* Recorded data:
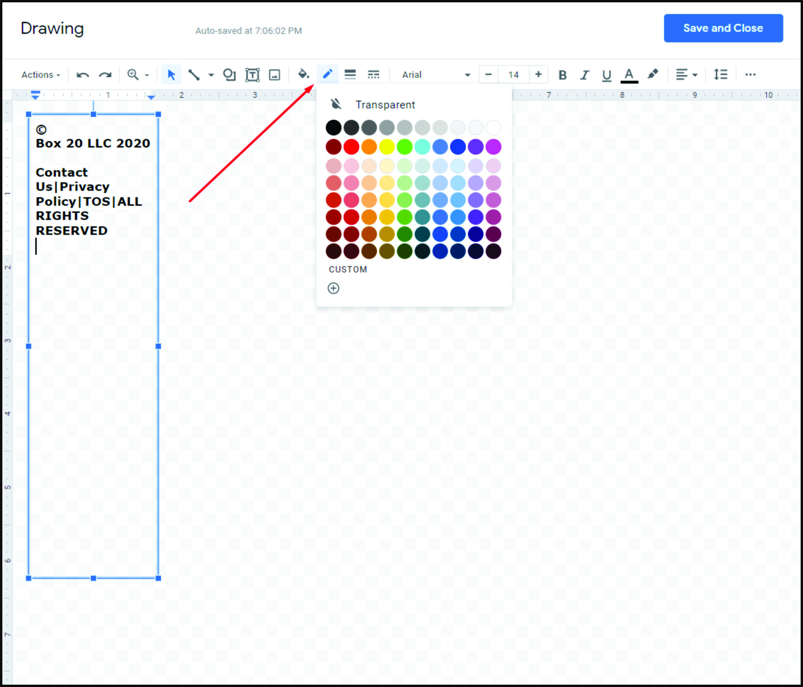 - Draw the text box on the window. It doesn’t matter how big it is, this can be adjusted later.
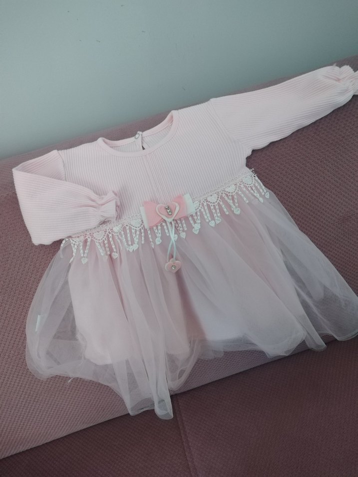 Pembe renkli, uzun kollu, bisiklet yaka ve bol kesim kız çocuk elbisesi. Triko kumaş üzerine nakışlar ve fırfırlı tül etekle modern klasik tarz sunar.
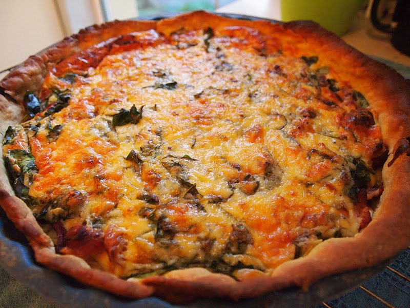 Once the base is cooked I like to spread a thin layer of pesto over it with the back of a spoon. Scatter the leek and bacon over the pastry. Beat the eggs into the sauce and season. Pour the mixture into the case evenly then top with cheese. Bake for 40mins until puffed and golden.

* Your goal: Pictures are to be left out; otherwise, retype exactly the lines from the first line of the data through the line containing "Pembe renkli, uzun".

* Result of this task:
 - Draw the text box on the window. It doesn’t matter how big it is, this can be adjusted later.
 Pembe renkli, uzun kollu, bisiklet yaka ve bol kesim kız çocuk elbisesi. Triko kumaş üzerine nakışlar ve fırfırlı tül etekle modern klasik tarz sunar.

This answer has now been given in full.